**WHAT YOU WILL DO**
This exercise calls for an exact copy of the listing, with no pictures kept.

**INFORMATION PROVIDED**
BEGIN
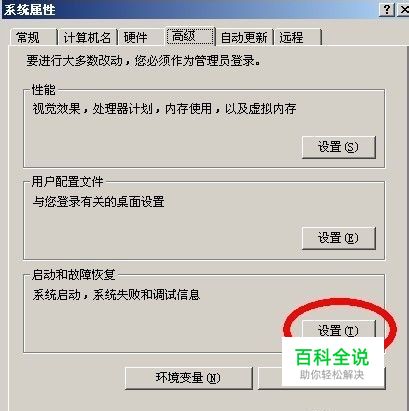 再选择“启动和故障恢复”下的设置按钮。
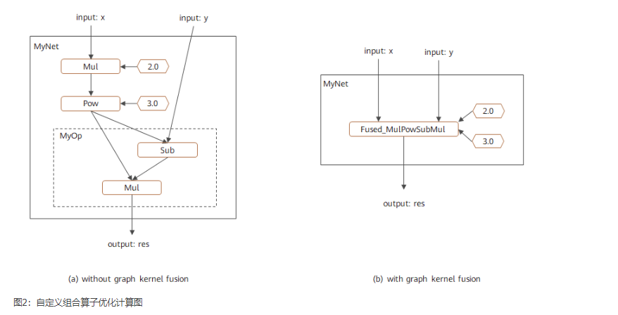 该计算图的融合结果如图2所示,其中左图为未使能图算融合时的对应计算图,右图为使能图算融合后的对应计算图。可以看到不仅自定义算子MyOp中的基本算子进行了融合,并且与主图中的其他算子也进行了更大范围融合。该融合过程可以通过查看中间IR,或者通过Profiling等工具跟踪算子执行过程进行验
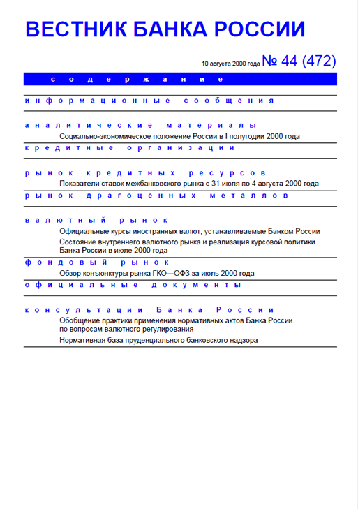 Вестник Банка России / Центральный банк Российской Федерации. — Москва : ПРАЙМ , 2000, N 44. — Москва : ИТАР-ТАСС, 2000.
END
**RESPONSE**
 再选择“启动和故障恢复”下的设置按钮。
 该计算图的融合结果如图2所示,其中左图为未使能图算融合时的对应计算图,右图为使能图算融合后的对应计算图。可以看到不仅自定义算子MyOp中的基本算子进行了融合,并且与主图中的其他算子也进行了更大范围融合。该融合过程可以通过查看中间IR,或者通过Profiling等工具跟踪算子执行过程进行验
 Вестник Банка России / Центральный банк Российской Федерации. — Москва : ПРАЙМ , 2000, N 44. — Москва : ИТАР-ТАСС, 2000.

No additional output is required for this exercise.